Work required: Return an exact copy of the lines from the one holding "Brand new, never" to the end of the data, including both the starting and final lines. Leave the pictures out.

Provided data:
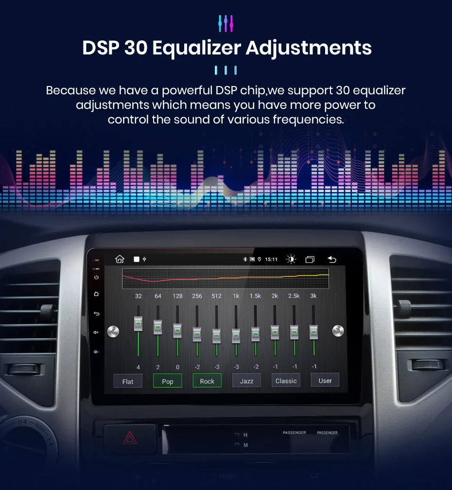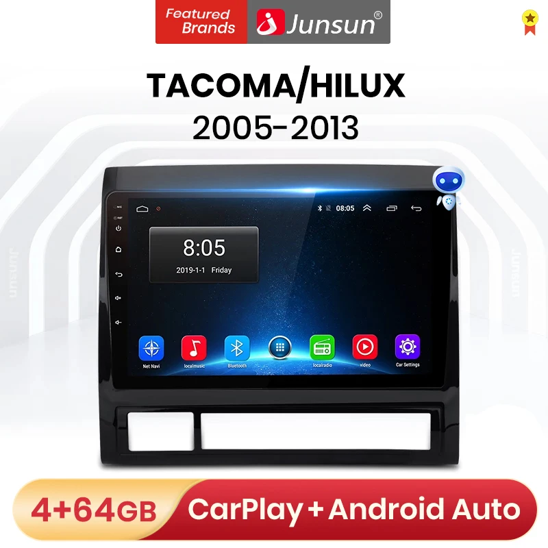 > Junsun V1 Pro для TOYOTA TACOMA/HILUX 2005-2013 функции9 дюймов 2.5D емкостный Экран + восемь ядер 1,8 ГГц Процессор + DDR3 2 ГБ/4 Гб (опционально) флэш-память + 32 ГБ/64 Гб памяти (опционально) + Встроенная сеть 4G + gps-навигация (бесплатное обновление карты, только бренд Junsun Поддержка) + управление рулевым колесом + зеркальная связь + Bluetooth + Встроенный микрофон + FM/AM + RDS (опционально) + Поддержка USB ADAS DVR Функция + Европейская DAB функция + 1080P видео воспроизведение + HD 1024*600 + контроль давления в шинах Система > OSD языкРусский, английский, испанский, итальянский, французский, чешский, арабский, немецкий, иврит, китайский, эстонский, польский, филиппинский, финский, корейский, голландский, хорватский, латышский, литовский, румынский, норвежский, португальский, японский, шведский, тайский, турецкий, украинский, венгерский, словацкий, датский, словенский. > 24H * 7 поддержка обслуживанияВ Junsun Наша цель-продолжать усердно работать, чтобы сделать инновационное оборудование и программное обеспечение автомобильного мультимедийного плеера радио, чтобы дать вам этот индивидуальный опыт.Мы предоставляем обновления для прошивки, программного обеспечения, gps-навигационных карт бесплатно.
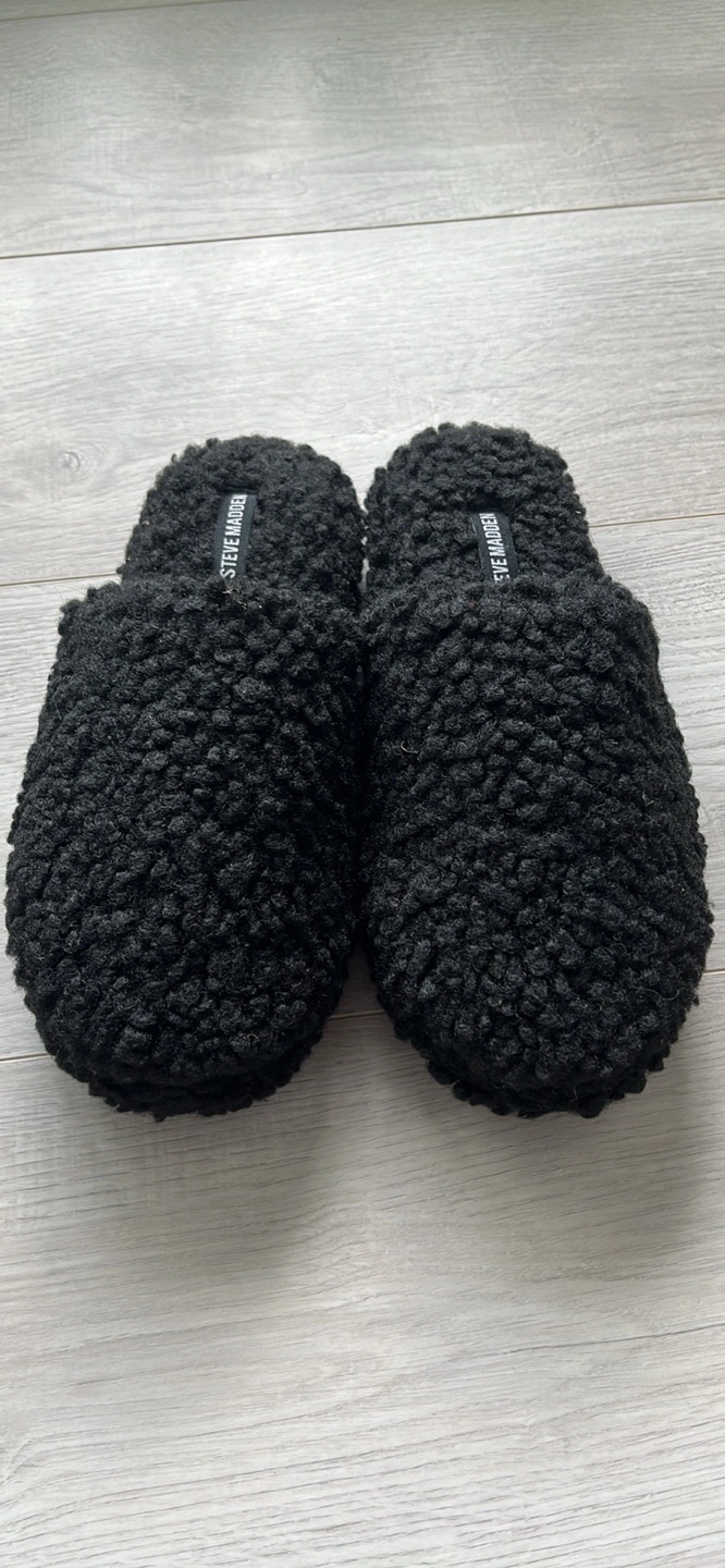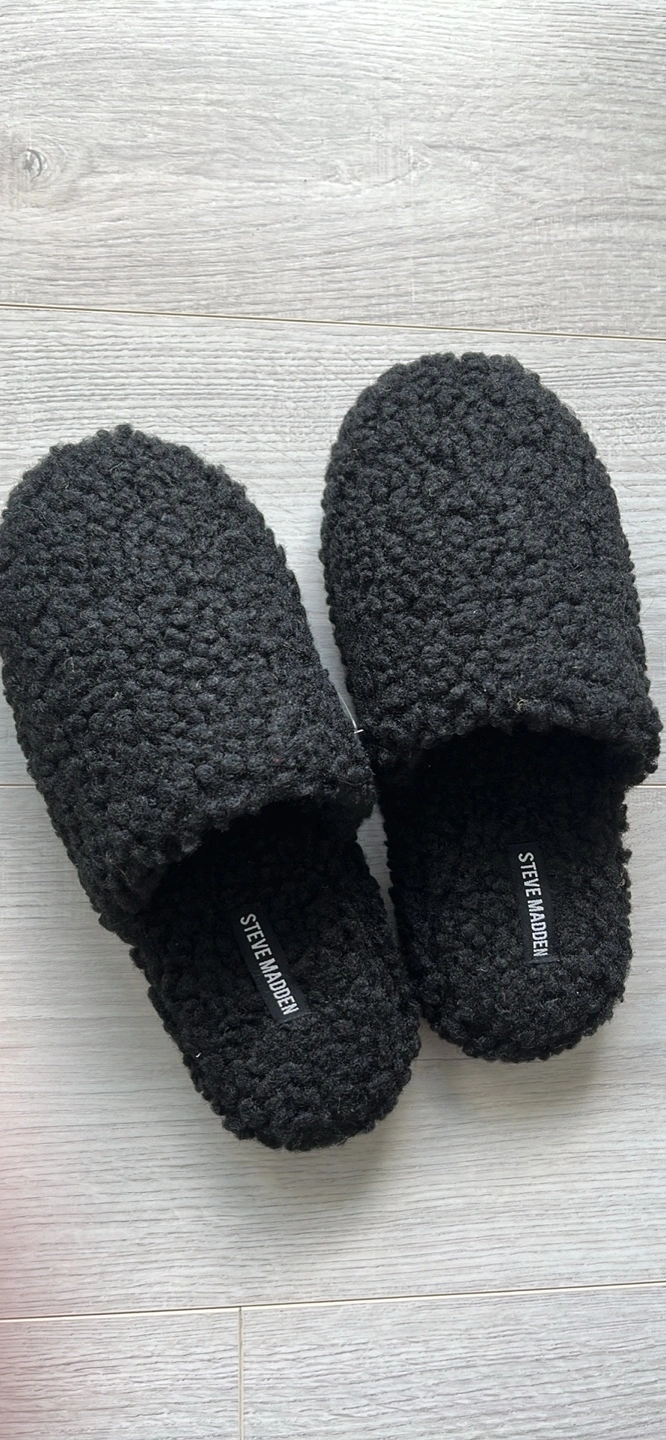 Brand new, never worn black fluffy Steve Madden slippers. Size medium. I’m a size 7 normally and these fit perfectly!
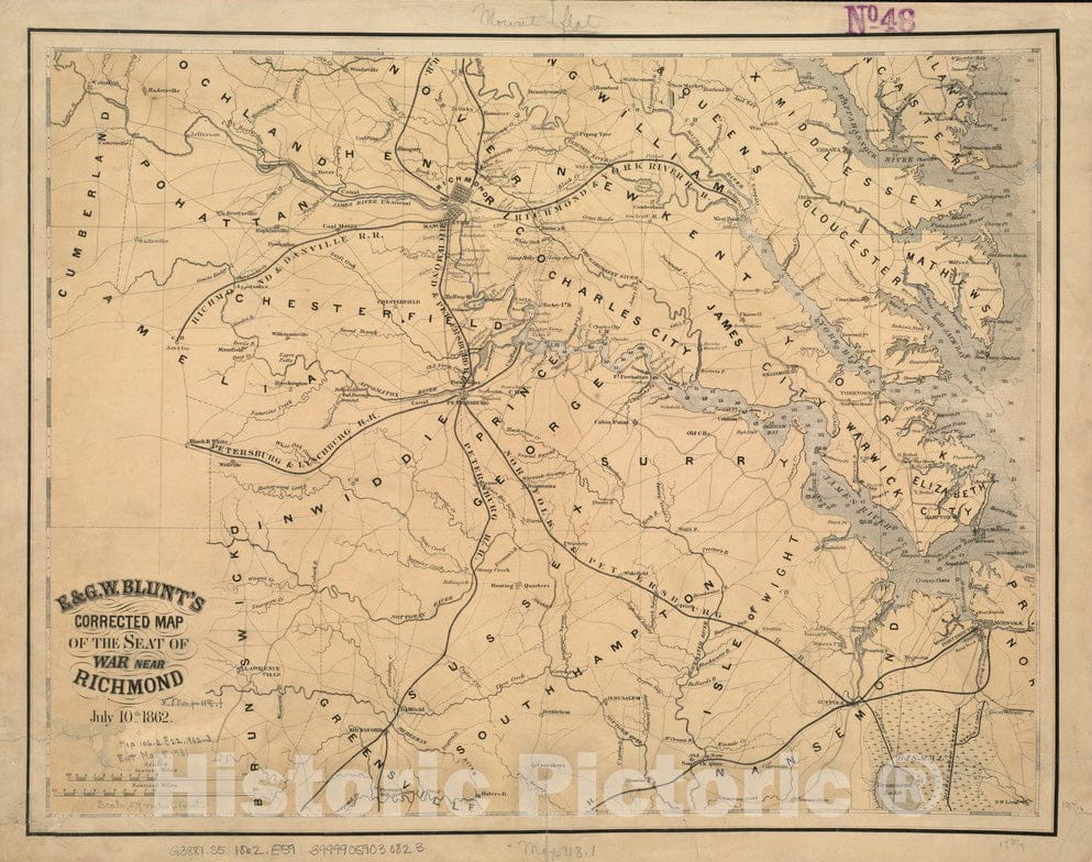 Historical Map, E. & G.W. Blunt's Corrected map of The seat of war Near Richmond, July 10th, 1862, Vintage Wall Art

Result of this task:
 Brand new, never worn black fluffy Steve Madden slippers. Size medium. I’m a size 7 normally and these fit perfectly!
 Historical Map, E. & G.W. Blunt's Corrected map of The seat of war Near Richmond, July 10th, 1862, Vintage Wall Art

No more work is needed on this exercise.